Tarih büyük bir şiddetle geri dönüyor. Alman egemen sınıfı, Nazilerin suçlarından ve II. Dünya Savaşı’ndaki yenilgisinden neredeyse 70 yıl sonra, bir kez daha, Alman İmparatorluğu’nun ve Hitler’in büyük güç politikalarını benimsiyor.

Almanya’nın saldırgan emperyalist dış politikaya dönüşü, Nazi suçlarının önemsizleştirilmesiyle el ele gitmiştir. Yine 2014 yılında, aşırı sağcı Humboldt Üniversitesi Profesörü Jörg Baberowski Der Spiegel’de şöyle diyordu: “Hitler psikopat değildi, kötü biri değildi. Masasında, Yahudilerin ortadan kaldırılması hakkında konuşulmasını istemiyordu.” O, karşılaştırılabilir olmayan Holokost ile Rus İç Savaşı’ndaki silahlı çatışmaları karşılaştırarak şöyle diyordu: “Temelde aynı şeydi: endüstriyel öldürme.”

Tüm partiler Baberowski’yi savunurken, hükümet SGP’yi Nazizmin itibarının iade edilmesine karşı çıktığı için suçlu saymıştır. SGP, aşırı sağcılarla dolu iç istihbarat teşkilatı Anayasayı Koruma Dairesi tarafından gözetim altına alındı. Alman devleti ve egemen seçkinleri için gerçek düşman solda kalmaya devam ediyor.

2025 federal seçimleri bir dönüm noktası ve bir uyarıdır. Almanya’da, dünya savaşının ve faşizmin dehşeti çok iyi bilinmektedir; Nazi suçlarına -imha savaşında kaybedilen 27 milyon Sovyet canı ve 6 milyon Yahudi’nin endüstriyel kırımı- dair anıtlar sürekli hatırlatıcı olarak durmaktadır. Egemen sınıf, bu suçları üreten aynı büyük güç ve savaş politikalarını yeniden canlandırırken, işçi sınıfıyla şiddetli bir karşılaşmaya hazırlanmaktadır. İşçiler buna bilinçli bir siyasi programla yanıt vermelidir.

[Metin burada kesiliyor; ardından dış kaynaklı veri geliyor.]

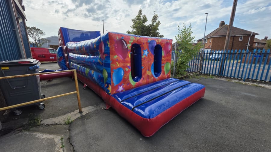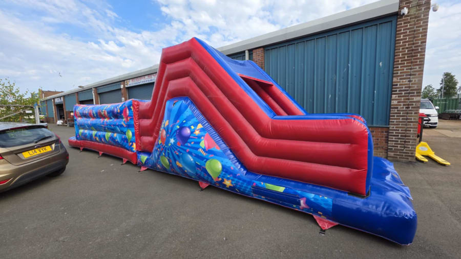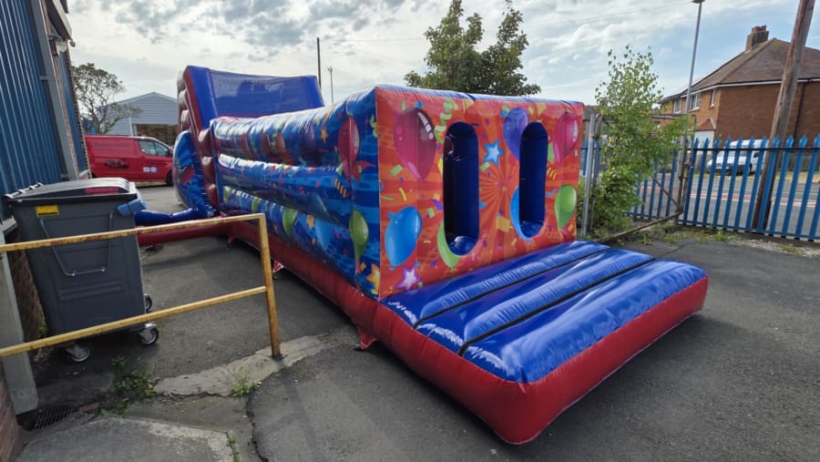 Looking to bring excitement and energy to your next celebration? Our obstacle course, assault course Party themed obstacle course 42 x 11ft in Southam, Leamington Spa, Warwick, Stratford upon Avon, Rugby, Daventry, Banbury, Warwickshire and surrounding villages is the ultimate attraction for parties, fetes, and all fun-filled occasions! This vibrant, action-packed inflatable features eye-catching party graphics and is designed to entertain guests of all ages, both indoors and outdoors.

SPD, Yeşiller, Sol Parti ya da üst orta sınıfın sahte sol gruplarına yapılan çağrılar yalnızca felakete doğru götürmektedir. Bu partiler ve sendika aygıtları sağa kayışın muhalifleri değil, kapitalist devlet adına bunu uygulayan aktif katılımcılarıdır. Onlar, burjuva demokrasisinin ve tüm kapitalist sistemin tamamen çürümesini temsil ediyorlar. Bu temelde, aşırı sağ sadece Almanya’da değil tüm dünyada büyümektedir.

Bu gelişme ahlaki öfke ile durdurulamaz. Faşizme, militarizme ve toplumsal eşitsizliğe karşı mücadele, burjuva-kapitalist siyasetin tüm çerçevesinden siyasi bir kopuşu ve sosyalist temelde bağımsız bir işçi hareketinin geliştirilmesini gerektirir.

SGP, Stalinizme, sosyal demokrasiye ve küçük burjuva milliyetçiliğinin tüm çeşitlerine karşı devrimci Marksizm programını savunan Dördüncü Enternasyonal’in Uluslararası Komitesi’ndeki kardeş partileriyle birlikte işte bunun için mücadele etmektedir. SGP şimdi işçi sınıfının yeni önderliği olarak inşa edilmelidir. Dünya savaşına ve barbarlığa geri dönüşü durdurmanın tek yolu, kapitalizmi ortadan kaldıracak ve toplumu eşitlikçi bir temelde yeniden düzenleyecek bir sosyalist devrimden geçmektedir.